My summer’s day in lusty May

Is darked before the noon.”

GREAT BABYLON BUILT: A BUILDER’S BOAST.

Daniel iv. 29-33.

Walking in the palace of his kingdom of Babylon—that Babylon of which the foundations, indeed, had been laid ages ago, but which he had so enlarged and adorned as to make it one of the world’s wonders—Nebuchadnezzar the king, elate with pride at the pomp of architectural results, flushed with the triumph of enterprises so costly, and achievements so manifest to the eye, gave utterance, in complacent soliloquy perhaps, to the exultant sense of being a master builder indeed, and of seeing his power reflected in so gorgeous a form. The king spake and said, “Is not this great Babylon, that I have built for the house of the kingdom, by the might of my power, and for the honour of my majesty?”

While the word was in the king’s mouth, there fell a voice from heaven, saying, “O king Nebuchadnezzar, to thee it is spoken: The kingdom is departed from thee.” And the sequel we know. How that same hour was the thing fulfilled upon Nebuchadnezzar, and he was driven from men, and did eat grass as oxen, and his body was wet with the dew of heaven, till his hairs were grown like eagles’ feathers, and his nails like birds’ claws,—is it not written in the book of the prophecies of Daniel, whose name was Belteshazzar, and whom the king made ruler over the whole province of that same Babylon the Great?

The royal builder’s boast was on the instant reproved by a degradation literally brutal in its extremity. While the word of complacent self-glorification was in the king’s mouth, the sentence of bestial doom went forth against him. Just when he was resting on his laurels, a taint overtook them. Just when he rejoiced in asserting himself a king of kings, commenced the working of a curse which levelled him with grazing flocks and herds.

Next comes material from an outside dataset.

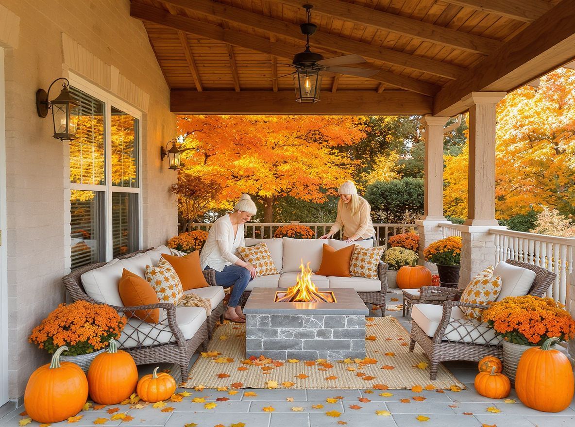 A fedett terasz esetében érdemes a természetes alapokat megtartani (fa, kő, semleges falak), és a színeket a kiegészítőkön keresztül bevinni. A legfontosabb őszi színek:

The lesson is for all time, and for all sorts and conditions of men. Verifications of it—varying, of course, in kind, and still more in degree—are rife in records historical and biographical, and in the unrecorded experiences, the moving accidents, of everyday life. Just when a man is apt to set up his rest, the fiat goes forth against him which shatters to its base the structure he has reared. The house he has just finished building tumbles to pieces like a house of cards. The castle in whose defences, at last completed, he felt so secure, dislimns like a castle in the air.